# ask probably offline stuff



## probably offline (Oct 8, 2012)

because @gopherinferno told me to make this thread


----------



## Telliblah (Sep 19, 2015)

Bamse eller Kalle Anka?


----------



## gopherinferno (Apr 7, 2009)

PM me for my address if you guys want to show me gratitude for making this happen with grandiose gifts


----------



## Kevin001 (Jan 2, 2015)

Age, height, and weight pls?


----------



## probably offline (Oct 8, 2012)

Telliblah said:


> Bamse eller Kalle Anka?


Fan vad svårt. Bamse har högre mysfaktor, men Kalle Anka... är ju Kalle Anka. Jag väljer att vara patriotisk. Bamse!



Kevin001 said:


> Age, height, and weight pls?


34/1.68m/~50 kg


----------



## Telliblah (Sep 19, 2015)

probably offline said:


> Fan vad svårt. Bamse har högre mysfaktor, men Kalle Anka... är ju Kalle Anka. Jag väljer att vara patriotisk. Bamse!


Ja det är fan något speciellt med Bamse.


----------



## probably offline (Oct 8, 2012)

^

hadja hadja hadja


----------



## gunner21 (Aug 4, 2012)

When are you offline? 

What are your opinions about free-market economy? 

What would you prefer? An ******* who makes you laugh or a sensitive guy who's boring.


----------



## probably offline (Oct 8, 2012)

gunner21 said:


> When are you offline?
> 
> What are your opinions about free-market economy?
> 
> What would you prefer? An ******* who makes you laugh or a sensitive guy who's boring.


I believe that everything on the market should be free, because my wallet is suffering. Yes.

An ******* who makes me laugh.

edit:

I'm always offline(I have stand-ins)


----------



## SofaKing (May 9, 2014)

I'm assuming there might be several marriage proposals...it's a guess.


----------



## nubly (Nov 2, 2006)

Did you ever get the crack on your laptop fixed?
_Posted via Mobile Device_


----------



## versikk (Nov 25, 2013)

probably offline said:


> I believe that everything on the market should be free, because my wallet is suffering. Yes.
> 
> An ******* who makes me laugh.
> 
> ...


Do you resemble the person in your avatar or give off the same aura/demeanor?

edit: hur känns det att vara svensk med social fobi? med tanke på hur awkward svenskar är


----------



## Surly Wurly (May 9, 2015)

book, or kindle?


----------



## Kevin001 (Jan 2, 2015)

probably offline said:


> 34/1.68m/~50 kg


Wow, you look no older than 24 and your height/weight is sick. Pure perfection :nw.


----------



## probably offline (Oct 8, 2012)

nubly said:


> Did you ever get the crack on your laptop fixed?
> _Posted via Mobile Device_


No:< I have to buy a new one.



versikk said:


> Do you resemble the person in your avatar or give off the same aura/demeanor?
> 
> edit: hur känns det att vara svensk med social fobi? med tanke på hur awkward svenskar är


We have the same haircut.

Det märks nog inte lika tydligt, eftersom kontrasten inte blir lika stor mellan mig och en genomsnittssvensk:3



Surly Wurly said:


> book, or kindle?


Book.


----------



## lisbeth (May 18, 2012)

How do you come across so cool and collected? Is it a Swedish thing?


----------



## Wings of Amnesty (Aug 5, 2015)

What got you interested in linguistics?


----------



## probably offline (Oct 8, 2012)

lisbeth said:


> How do you come across so cool and collected? Is it a Swedish thing?

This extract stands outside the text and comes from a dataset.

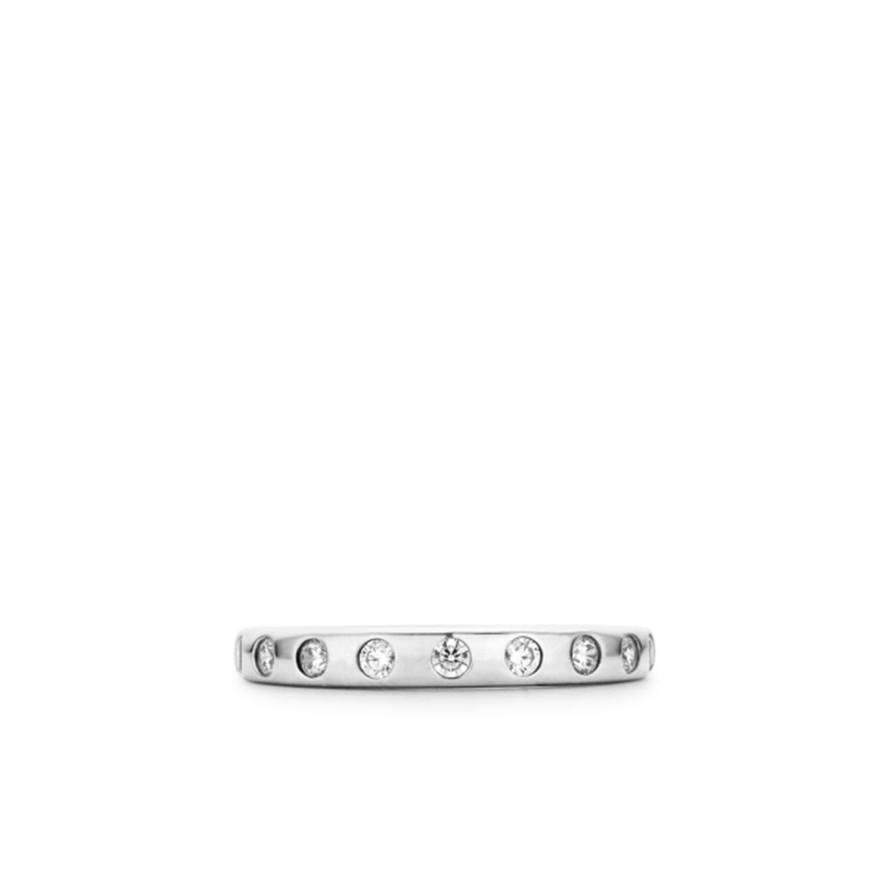 Een klassieke TI SENTO – Milano ring in een nieuw jasje. De zirkonia’s zitten verder uit elkaar wat een stijlvolle look creëert. De zirkonia’s zijn met veel zorg hand gezet in een gladomzetting. De ring is makkelijk te dragen door dat deze goed te combineren is met de TI SENTO – Mix & Match collectie. Daarom is deze zeer geschikt voor everyday wear. De ring is gemaakt van gerhodineerd 925 sterling zilver die voldoet aan de goudsmid standaard.

I do? I would ask _you_ that question. You're always so eloquent :3



Wings of Amnesty said:


> What got you interested in linguistics?


I like words and stuff.


----------



## estse (Nov 18, 2003)

Et tu, probably offline?


----------



## probably offline (Oct 8, 2012)

estse said:


> Et tu, probably offline?


sorry


----------



## bad baby (Jun 10, 2013)

how good are you at mandarin? say something to me in mandarin


----------



## SD92 (Nov 9, 2013)

Have you ever been to northern England?
What's your opinion on Communism?
What's yur opinion on Capitalism?
What's your opinion on Feminism?
Are you Left handed or Right Handed?
Do you believe extraterrestrial life exsists in the universe?


----------



## Just Lurking (Feb 8, 2007)

What are you studying, and why?

Who in your family are you closest with, and how often do you spend time with them?

When was the last time you went on vacation, and where did you go?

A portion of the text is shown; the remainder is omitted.